Mesela Cenk... Maç boyu var mıydı yok muydu belli değil. Üstelik bitime 5-10 dakika kala çarprazda topu kaptı, sağa çıkarsa arkadaşı Talisca rahatlıkla gol yapacak ama o kaleye şut attı. Top nereye gitti biliyor musunuz?
Taca... Ama aynı Cenk son saniyede kalitesiyle galibiyeti perçinleyen adam oldu.
Mesela Quaresma... Kalitesi asla tartışılmaz ama dün kötü oynayıp hocası tarafından dışarı alındığında eldivenlerini yere atması, hem de hocasının önüne atması, ne kadar doğru?
Mesela Atiba...
Bence bu dönemki Beşiktaş'ın değil, tüm Beşiktaş tarihinin en istikrarlı yabancılarından bir tanesi.
Gelelim maça... Al gülüm-ver gülüm giderken, sahneye Talisca çıktı. Her futbolcunun atamayacağı bir gol attı. Top kaleye doğru gidiyor, nereden baksanız 20 metre mesafe var, üstelik de top sekiyordu.
Ama sol ayağının üst içiyle hem sert hem de köşeye öyle bir vurdu ki dünyada pek az futbolcu başarabilir. İkinci yarı Beşiktaş, genel olarak oyunu tutamadı. Ta ki Tolgay girene kadar.

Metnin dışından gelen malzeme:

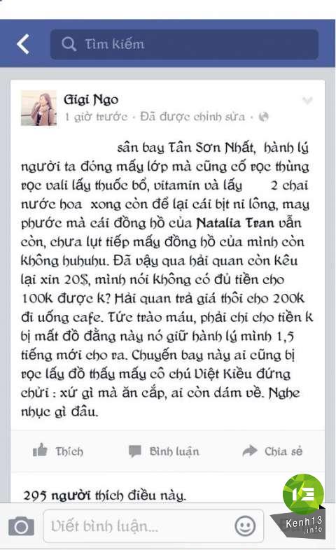 Gigi Ngo đã viết như sau trên FB của mình: “… sân bay Tân Sơn Nhất, hành lý người ta đóng mấy lớp mà cũng cố rọc thùng rọc vali lấy thuốc bổ, vitamin và lấy 2 chai nước hoa xong còn để lại cái bịt ni lông, may phước mà cái đồng hồ của Natalia Tran vẫn còn, chưa lụt tiếp mấy đồng hồ của mình còn không huhuhu. Đã vậy qua hải quan còn kêu lại xin 20$, mình nói không có đủ tiền cho 100k được k? Hải quan trả giá thôi cho 200k đi uống cafe. Tức trào máu, phải chi cho tiền k bị mất đồ đằng này nó giữ hành lý mình 1,5 tiếng mới cho ra. Chuyến bay này ai cũng bị rọc lấy đồ thấy mấy cô chú Việt Kiều đứng chửi : xứ gì mà ăn cắp, ai còn dám về. Nghe nhục gì đâu.”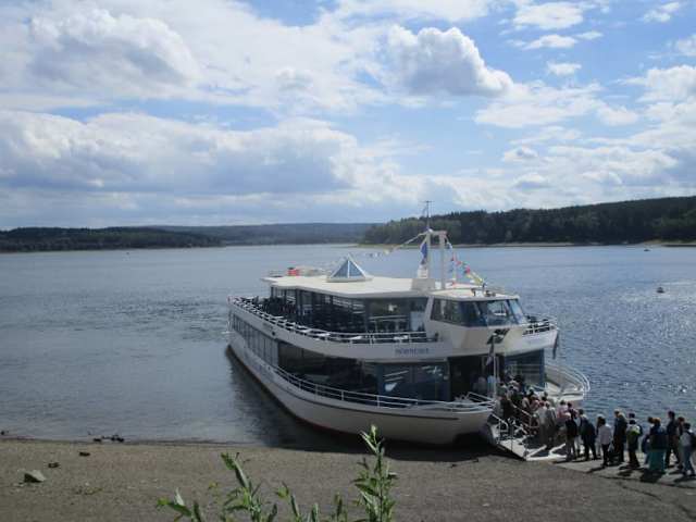 Die Schiffsfahrt mit der MS Möhnesee dauert ca. eine Stunde und es werden zwei weitere Anlegestellen angefahren. Die meisten Fahrgäste steigen aber direkt bei der Staumauer ein und aus. Das Schiff ist eigentlich sehr groß für den Möhnesee und hat ein Passagier Volumen für 600 Personen. Auf zwei Decks mit reichlich Freifläche findet jeder sein Plätzchen. Es werden genügend warme und gekühlte Getränke sowie Kuchen und kleine Snacks verkauft. Die Rundfahrt ist sehr gediegen, weil wegen den Brücken nur der halbe See befahrbar ist. Die Landschaft ist auch nicht spektakulär, ehr gediegen. Wenn man in der Nähe ist kann man die einstündige Rundfahrt für 10€ Normalpreis machen, muss man aber nicht unbedingt.

Tolgay girdi, orta saha direnci arttı.
Beşiktaş oyunu tutabildi.
Beşiktaş'ta son paragrafı Fabri'ye açalım...
Osmanlı'nın tek bir tehlikeli atağı var. O da son dakikalarda vurulan harika şut. Fabri ise kendi sağına uzanıp, Beşiktaş'ı mutlak golden kurtarıverdi. Beşiktaş için dün geceki galibiyet şampiyonluk yarışında çok ama çok kritik üç puandı.